> **HOW TO COMPLETE THIS TASK**:
Restate, in full and unchanged, the entries that follow, but not their pictures.

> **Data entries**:
--------------------------------
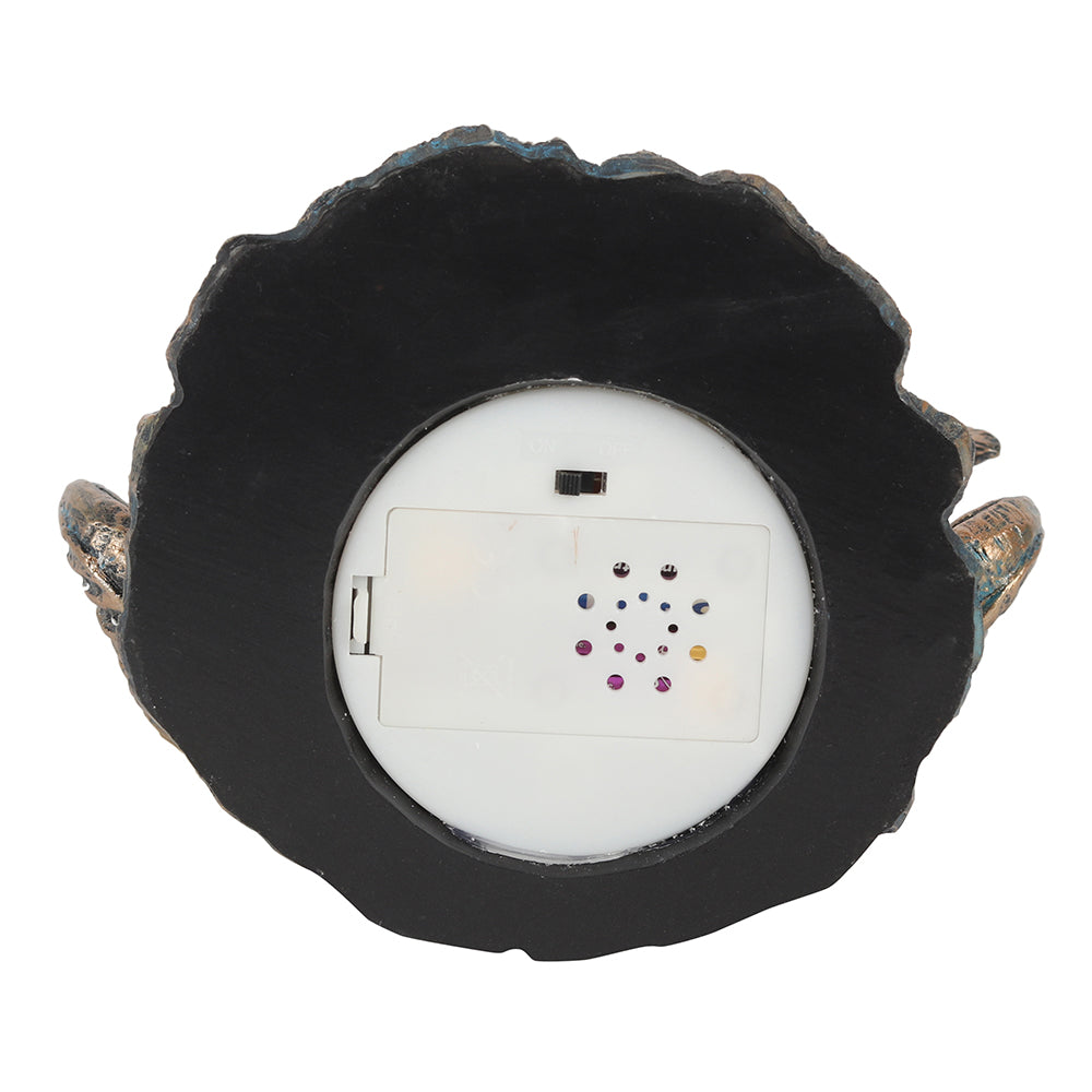Baphomet, the occult deity commonly portrayed by a winged half-human, half-goat figure, sits atop a horned skull on this amazing backflow incense burner. While adopted as an icon of the Church of Satan, Baphomet originated as a symbol of contrast and balance by the Knights Templar. To use, simply add a backflow incense cone to Baphomet's lap and watch as the smoke emerges from the skull's lit eyes. Bottom on/off switch. 2 AA batteries required. Not included with the product.
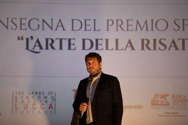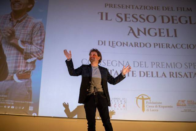 E più tardi, sul palco dove ha ricevuto il premio 'Arte della risata' attribuitogli dal Lucca Film Festival del presidente Nicola Borrelli, ha esordito dicendo che Lucca è sempre più bella ottenendo, in tirono, un uragano di consensi.
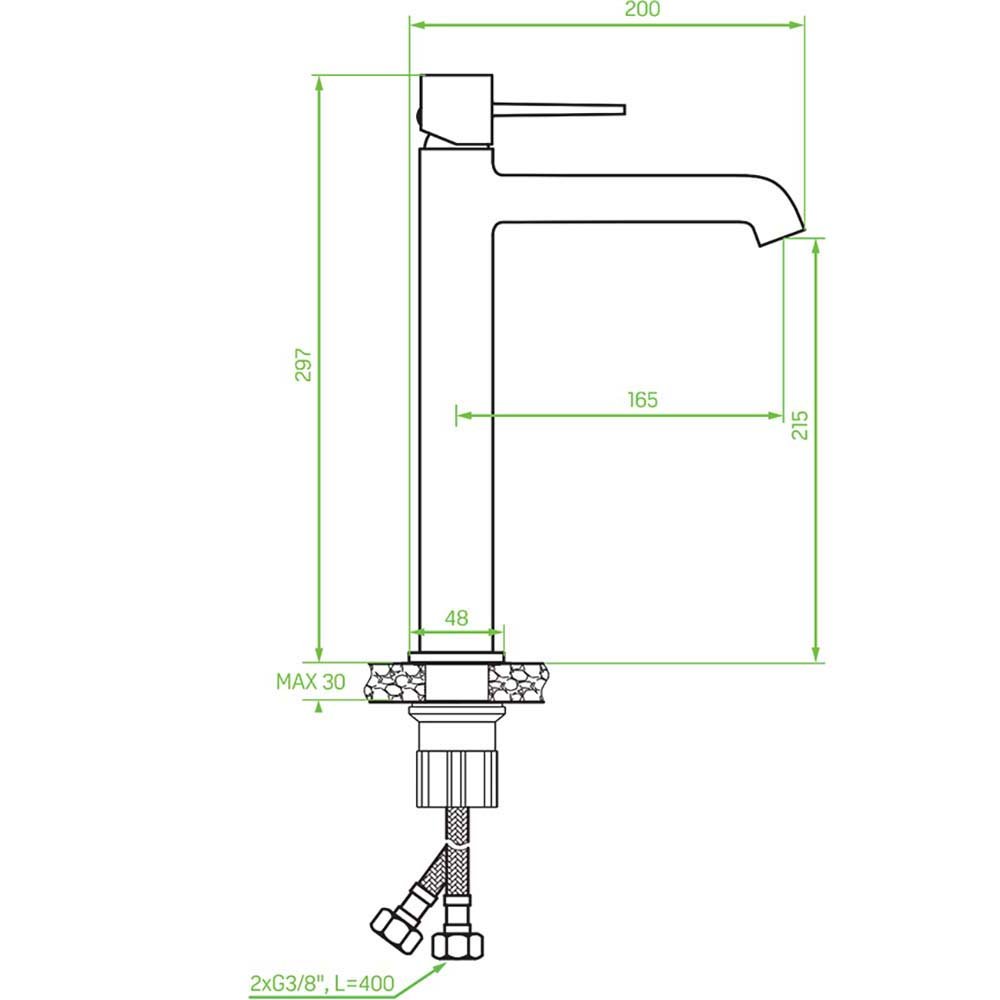 • Zasięg wylewki: 165 mm
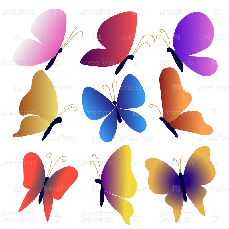 Набор цветных бабочек с градиентом на крыльях
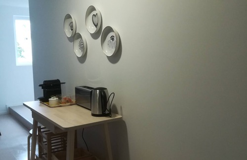 It also has small appliances such as hair dryer, toaster, coffee maker, water heater, oven, microwave, etc.
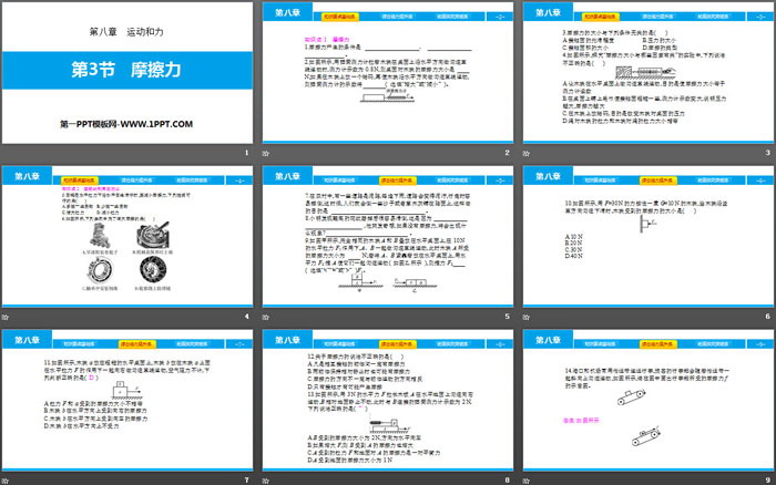 关键词:人教版八年级物理下册PPT课件免费下载,摩擦力PPT下载,运动和力PPT下载,.PPT格式;
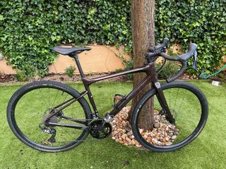 Bicicleta de carretera Specialized Tarmac de carbono talla 58 Ruedas Mavic Aksium Cambio y manetas Sram Force La bici ha tenido uso pero está en perfectas condiciones, algún arañazo pero cambia perfecta y va muy bien, sigue en uso cuando voy al pueblo. Ideal para iniciarse en carretera.
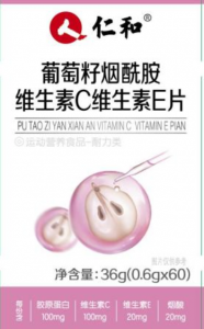 【產品名稱】葡萄籽煙酰胺維生素C維生素E片 【規格】0.6克/片*60片/盒 【批準文號/許可證號】SC11337052100315 【主要原料】山梨糖醇、麥芽糊精、L-抗壞血酸、膠原蛋白肽、全脂乳粉、維生素E(dl-a-醋酸生育酚)、煙酰胺、硬脂酸鎂、食用香精(草莓香精、薄荷香精)、葡萄籽粉、鹽酸硫胺素、核黃素、胭脂紅鋁色淀、三氯蔗糖 【用法用量】咀嚼,每日2片,不宜超量食用
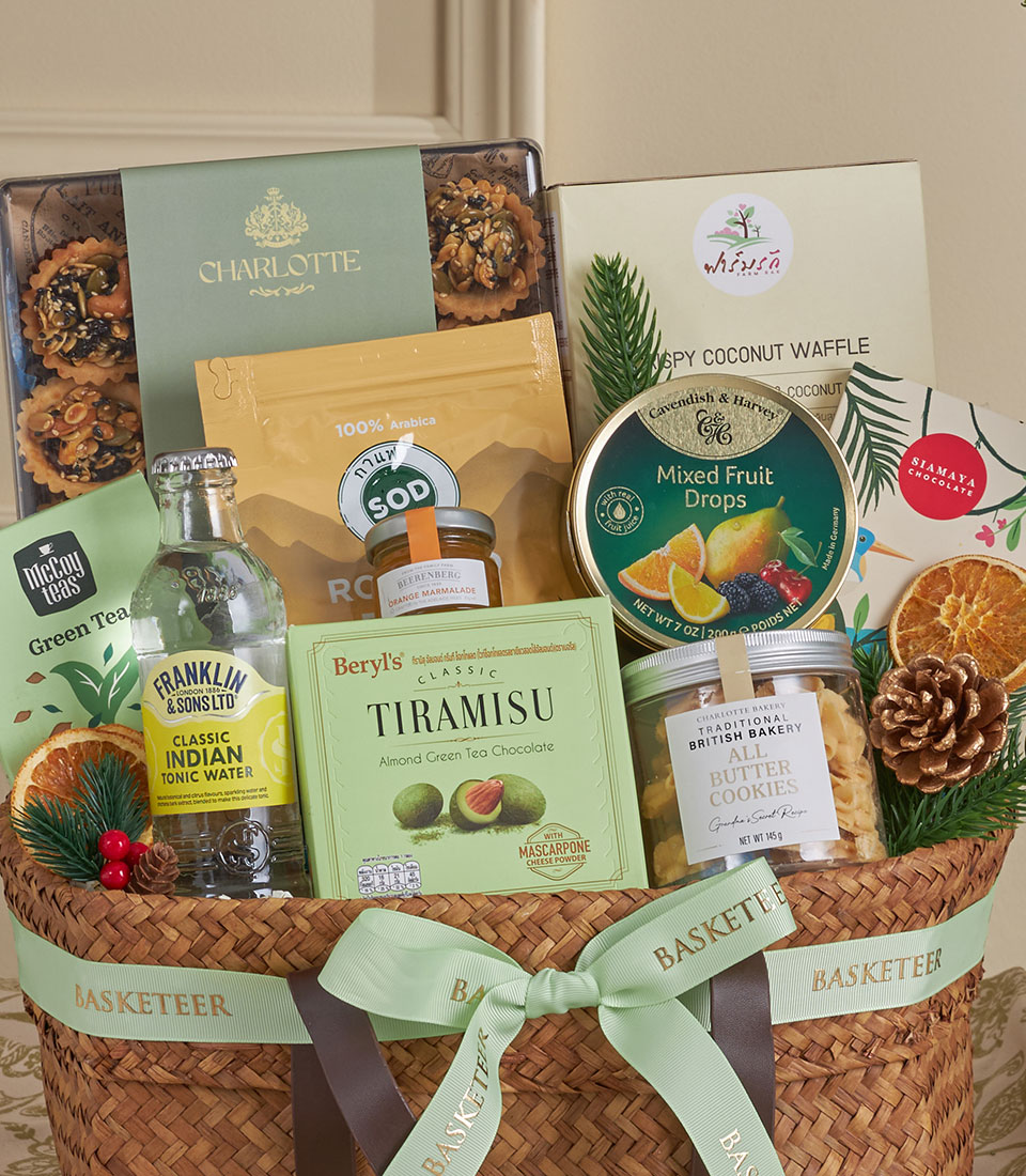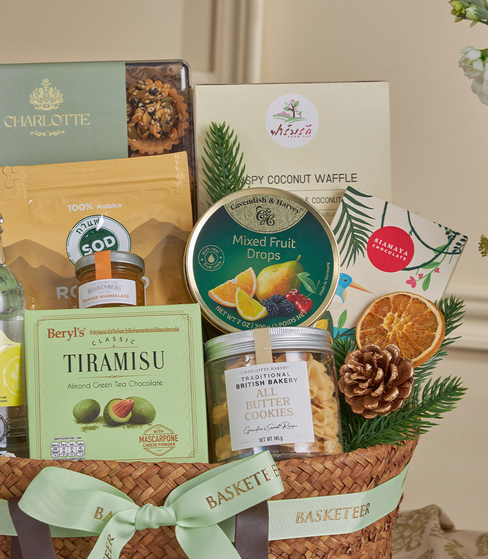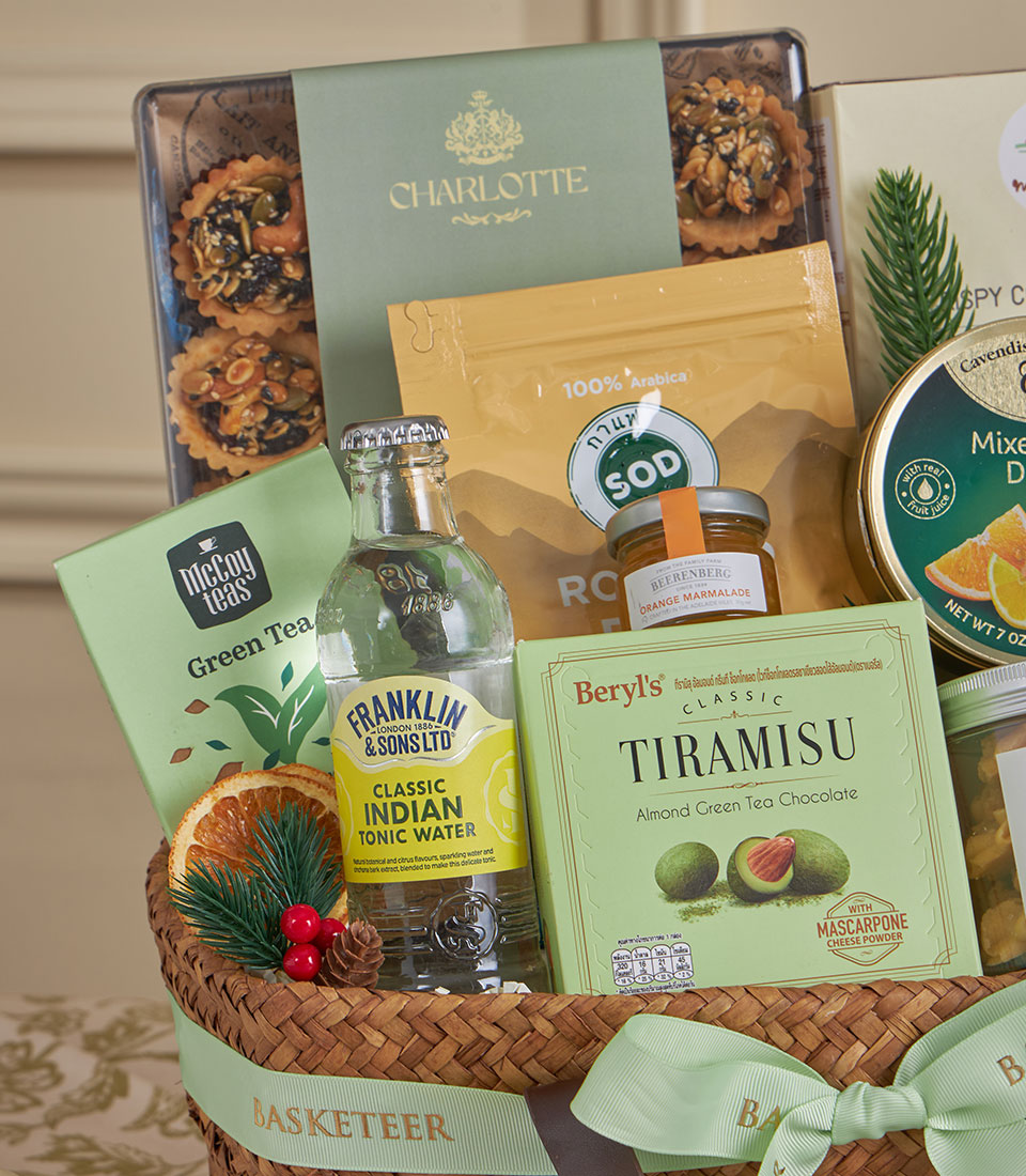 Healthy Tea, Honey & Dark Chocolate Gift Basket A wholesome premium gift basket curated with organic honey, seed tartlets, artisanal coffee, tonic water and fine dark chocolate, beautifully presented in a natural woven handle basket with Basketeer’s signature ribbon. Ideal for wellness gifting, refined celebrations and thoughtful occasions in Bangkok.
--------------------------------
> **RESULT FOR THIS TASK**:
Baphomet, the occult deity commonly portrayed by a winged half-human, half-goat figure, sits atop a horned skull on this amazing backflow incense burner. While adopted as an icon of the Church of Satan, Baphomet originated as a symbol of contrast and balance by the Knights Templar. To use, simply add a backflow incense cone to Baphomet's lap and watch as the smoke emerges from the skull's lit eyes. Bottom on/off switch. 2 AA batteries required. Not included with the product.
 E più tardi, sul palco dove ha ricevuto il premio 'Arte della risata' attribuitogli dal Lucca Film Festival del presidente Nicola Borrelli, ha esordito dicendo che Lucca è sempre più bella ottenendo, in tirono, un uragano di consensi.
 • Zasięg wylewki: 165 mm
 Набор цветных бабочек с градиентом на крыльях
 It also has small appliances such as hair dryer, toaster, coffee maker, water heater, oven, microwave, etc.
 关键词:人教版八年级物理下册PPT课件免费下载,摩擦力PPT下载,运动和力PPT下载,.PPT格式;
 Bicicleta de carretera Specialized Tarmac de carbono talla 58 Ruedas Mavic Aksium Cambio y manetas Sram Force La bici ha tenido uso pero está en perfectas condiciones, algún arañazo pero cambia perfecta y va muy bien, sigue en uso cuando voy al pueblo. Ideal para iniciarse en carretera.
 【產品名稱】葡萄籽煙酰胺維生素C維生素E片 【規格】0.6克/片*60片/盒 【批準文號/許可證號】SC11337052100315 【主要原料】山梨糖醇、麥芽糊精、L-抗壞血酸、膠原蛋白肽、全脂乳粉、維生素E(dl-a-醋酸生育酚)、煙酰胺、硬脂酸鎂、食用香精(草莓香精、薄荷香精)、葡萄籽粉、鹽酸硫胺素、核黃素、胭脂紅鋁色淀、三氯蔗糖 【用法用量】咀嚼,每日2片,不宜超量食用
 Healthy Tea, Honey & Dark Chocolate Gift Basket A wholesome premium gift basket curated with organic honey, seed tartlets, artisanal coffee, tonic water and fine dark chocolate, beautifully presented in a natural woven handle basket with Basketeer’s signature ribbon. Ideal for wellness gifting, refined celebrations and thoughtful occasions in Bangkok.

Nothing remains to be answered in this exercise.